Cont. • My mother, Alaina, was born and raised as French Polynesian island girl out in Oahu until she met my father, who was in the military. She was working as a waitress off base and he was an officer and he’d come into her restaurant, always sit at the same table, always order the same dish: scrambled eggs with a side of SPAM, which is spiced pork and ham, alongside a traditional dish of poi, which is crushed tarot root. SPAM is really popular with the locals since WWII and they put in everything, from sandwiches to soups. My father was trying to eat the local recipes, he said, to impress my mom with his really bad French. She pretty much saw right through it, but the thing she says stuck in her mind was how much ketchup my father put on everything, a trait I have inherited. My mother tells me now that when they started dating, her family—especially my grandfather was really resistant because my father wasn’t a local boy—a Vietnamese boy from San Diego. But my father persisted and even started going over to the house and raved and raved about my grandmother’s food, and he started to gain weight as he dated my mom.
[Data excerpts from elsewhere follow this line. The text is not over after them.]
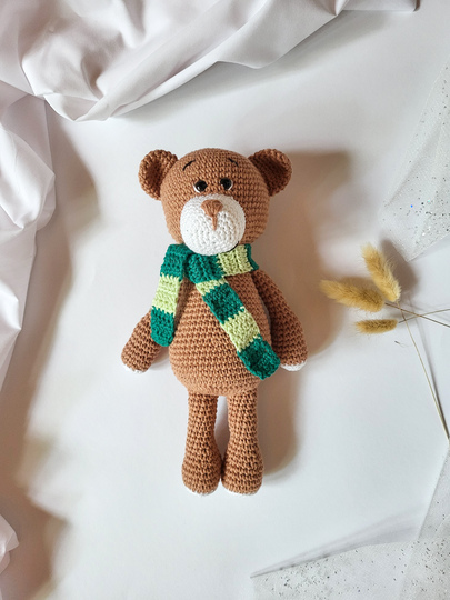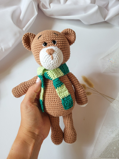 Crochet the bear with a crochet hook of 3mm and yarn for this hook size. The bear will be about 26cm (10inch).
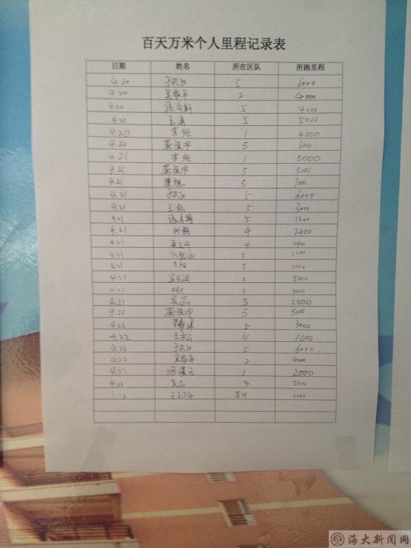 “百天万米计划”里程累加来源分为两个方面: 一则为常规晨练,由副中队长张浩然同学组织,每天早晨6点从海华十一公寓开始,途经八公寓、远航楼、综合楼直至返回起点完成全部里程,到达终点后由中队纪检成员统计各班完成情况,全员完成的区队获得1500米里程累计,未能达标的区队每人次扣除50米里程;二则为个人锻炼,为了提升同学锻炼的积极性,鼓励学生制定个人运动计划,“百天万米”计划规定区队同学自行锻炼所跑里程,以1:100的比例计入区队累计里程数,团总支负责记录并每日更新里程记录板。从计划实施至今,同学已经习惯于关注里程记录板,并不时两三人组团锻炼。部分同学最初因为生病没有参加晨练,痊愈后也会积极的投入到锻炼之中,来弥补之前扣除的里程数,跑步健身已成为常态并大有形成浪潮的趋势。截止至4月17日,“百天万米”计划第一期结果已出,其中1区队以10800米取得第一。中队对首个突破万米的区队给予了表彰,并将于4月20日开展第二期“百天万米”计划。
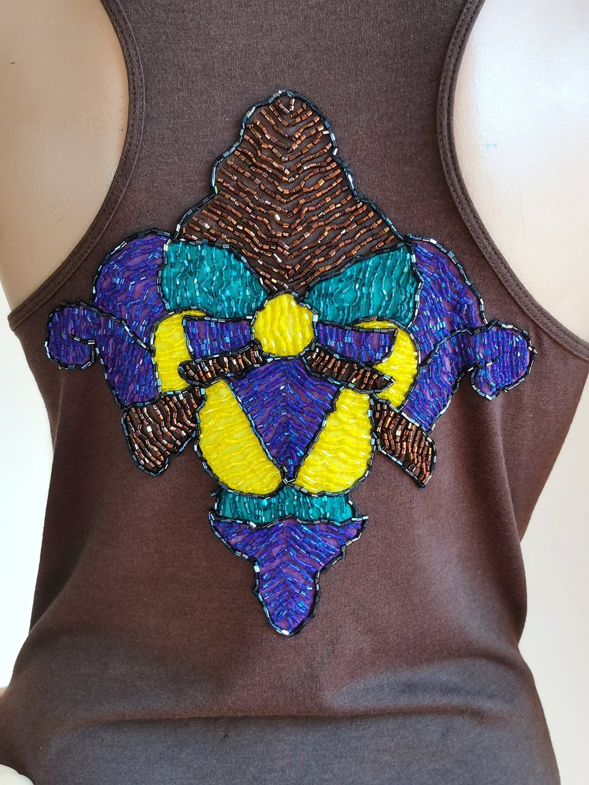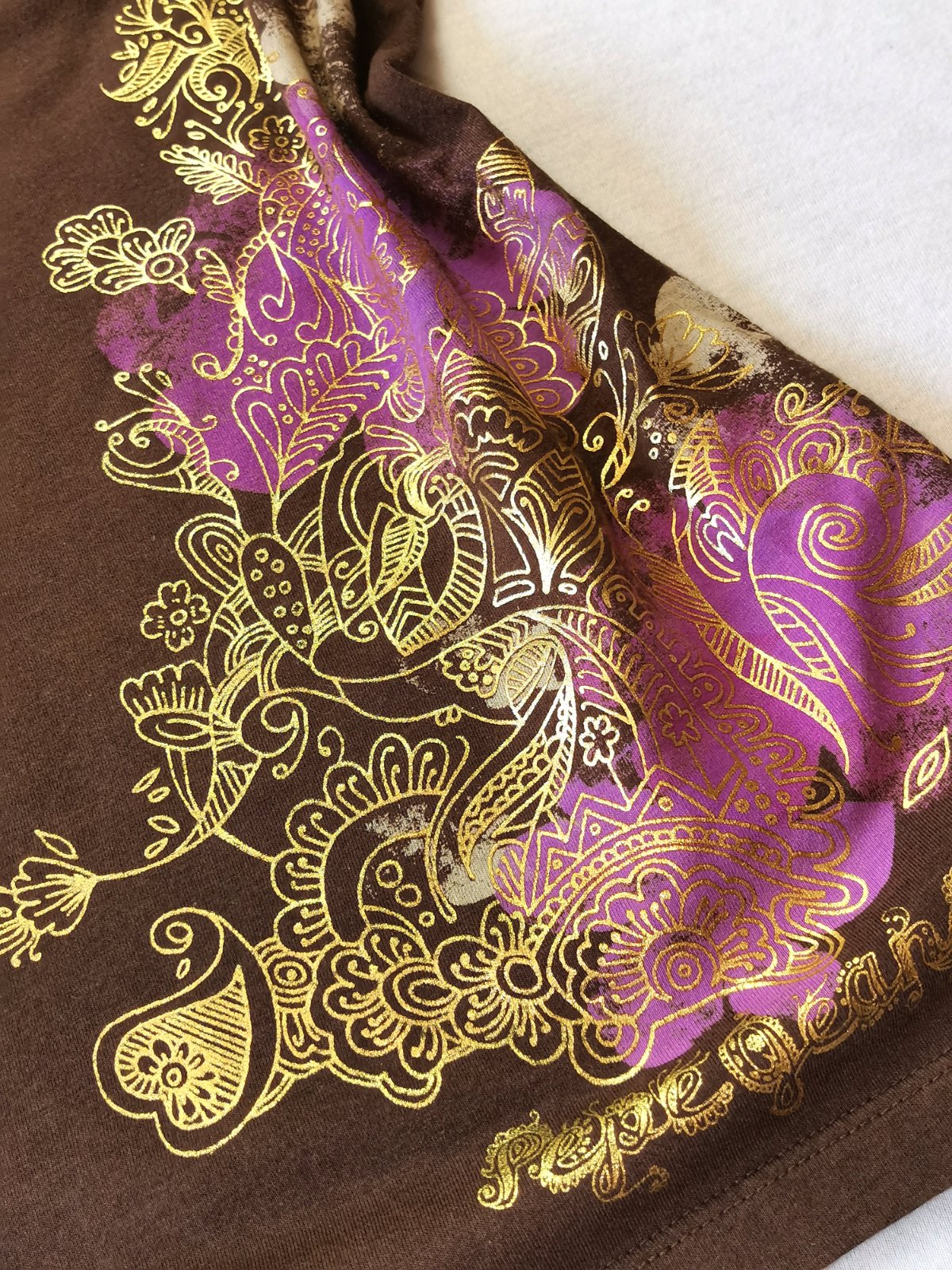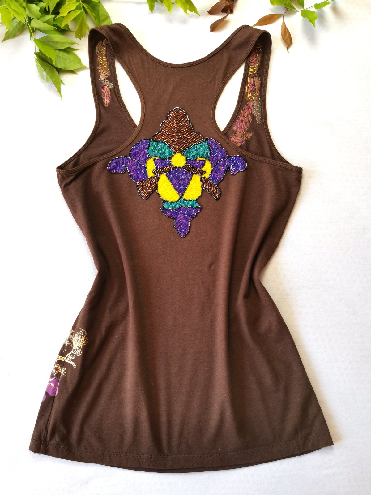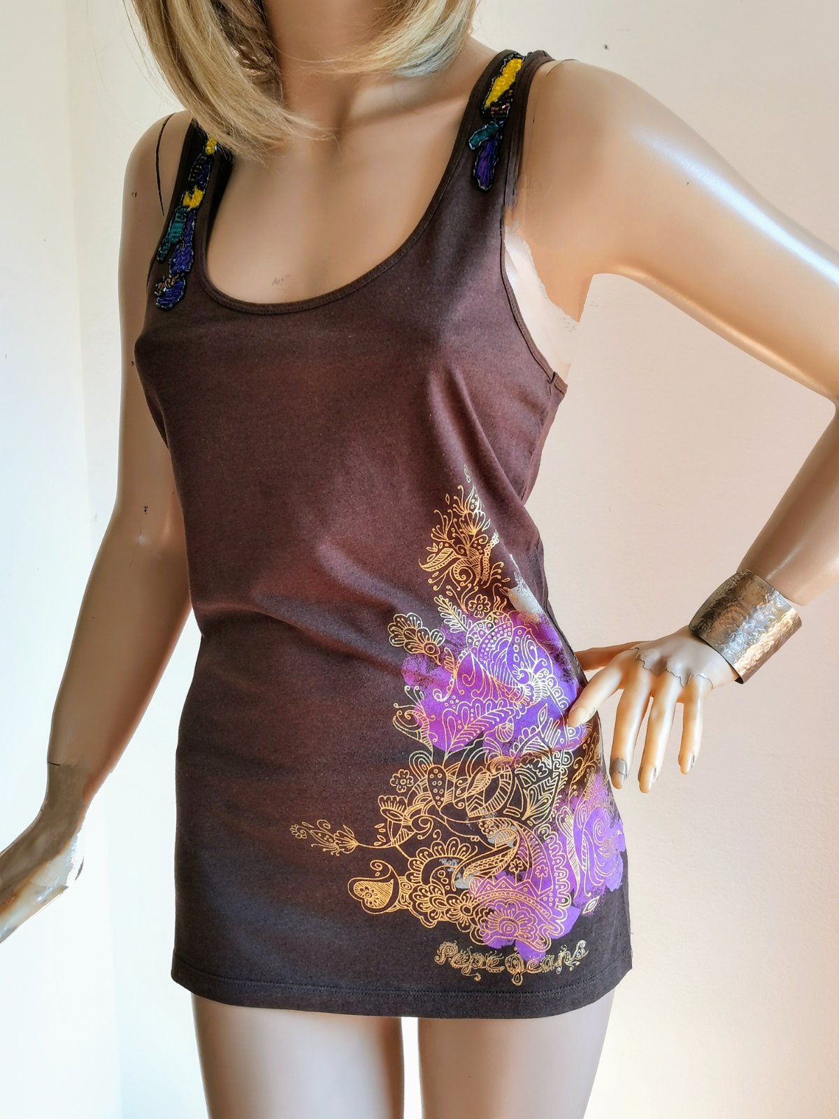 Na ramenách a chrbátiku má čarovnú výšivkou z korálikov. V predu veľký zlatý ornament.

My Dad sometimes joked that he had to marry my mom or get kicked out of the Air Force because he couldn’t fit in the planes cockpit anymore! The story of my parents is like the story of ketchup, because it can be found everywhere an American serviceman is stationed around the world, meets a local girl and falls in love with her.
Thirdly, the way I’m like Heinz ketchup is my hair: thick, wooly, and “kinky as a bedspring”. It’s been a source of pride and shame, frustration and hope my entire life. When I was a little girl going to school in Hawaii, other kids gave me a hard time about it because, despite my oval face and almond eyes, it so clearly showed that I wasn’t Hawaiian. I’d tie it back and put it up in a bun and basically try to ignore, but there was no ignoring my curly head of hair in the wind and heat and humidity of Oahu. My mom tried help me tame it, so we tried a lot of different conditioners and treatments to make my hair “behave,” but by the end of the day it was always this billowy, frazzled mess pouring out over my collar. People teased and I hated school because there was no way to hide it other than a kerchief. I pretty much settled on two tight buns all throughout elementary school. When I got to LA, when my dad retired from the military, there were some Samoan girls at my school—they had even bigger hair than I did! But they also took me under their wing and we hung out a lot on the boardwalk, so I saw the incredible variety of people. Also, being SaMo [Santa Monica], pretty much everyone has messed-up hair on the boardwalk, so it wasn’t that big of a deal. With my homegirls, I learned how to dance to the music I liked, introduce them to different foods, and they accept me and my crazy family. The great thing about LA is that there’s a Denny’s on every corner, and at every table a Heinz ketchup bottle, so wherever I go, I feel like I’m at home.